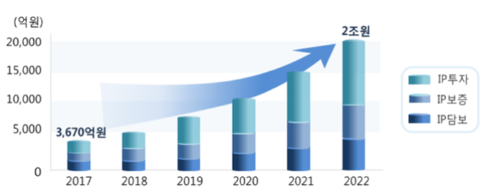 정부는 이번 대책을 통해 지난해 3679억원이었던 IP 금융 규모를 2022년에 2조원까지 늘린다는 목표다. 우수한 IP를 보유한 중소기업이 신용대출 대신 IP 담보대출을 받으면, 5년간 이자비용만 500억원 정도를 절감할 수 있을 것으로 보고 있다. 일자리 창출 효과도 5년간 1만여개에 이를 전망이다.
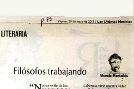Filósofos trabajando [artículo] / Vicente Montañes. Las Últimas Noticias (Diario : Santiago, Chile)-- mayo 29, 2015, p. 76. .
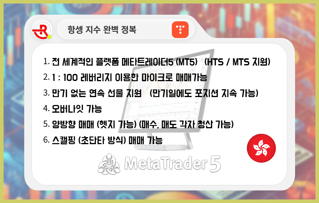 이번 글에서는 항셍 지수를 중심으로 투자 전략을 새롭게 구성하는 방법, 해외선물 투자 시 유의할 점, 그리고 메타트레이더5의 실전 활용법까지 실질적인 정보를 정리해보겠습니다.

TASK PROMPT: All of the lines above must be repeated without alteration, though the pictures are to be excluded.

ANSWER SECTION:
 정부는 이번 대책을 통해 지난해 3679억원이었던 IP 금융 규모를 2022년에 2조원까지 늘린다는 목표다. 우수한 IP를 보유한 중소기업이 신용대출 대신 IP 담보대출을 받으면, 5년간 이자비용만 500억원 정도를 절감할 수 있을 것으로 보고 있다. 일자리 창출 효과도 5년간 1만여개에 이를 전망이다.
Filósofos trabajando [artículo] / Vicente Montañes. Las Últimas Noticias (Diario : Santiago, Chile)-- mayo 29, 2015, p. 76. .
 이번 글에서는 항셍 지수를 중심으로 투자 전략을 새롭게 구성하는 방법, 해외선물 투자 시 유의할 점, 그리고 메타트레이더5의 실전 활용법까지 실질적인 정보를 정리해보겠습니다.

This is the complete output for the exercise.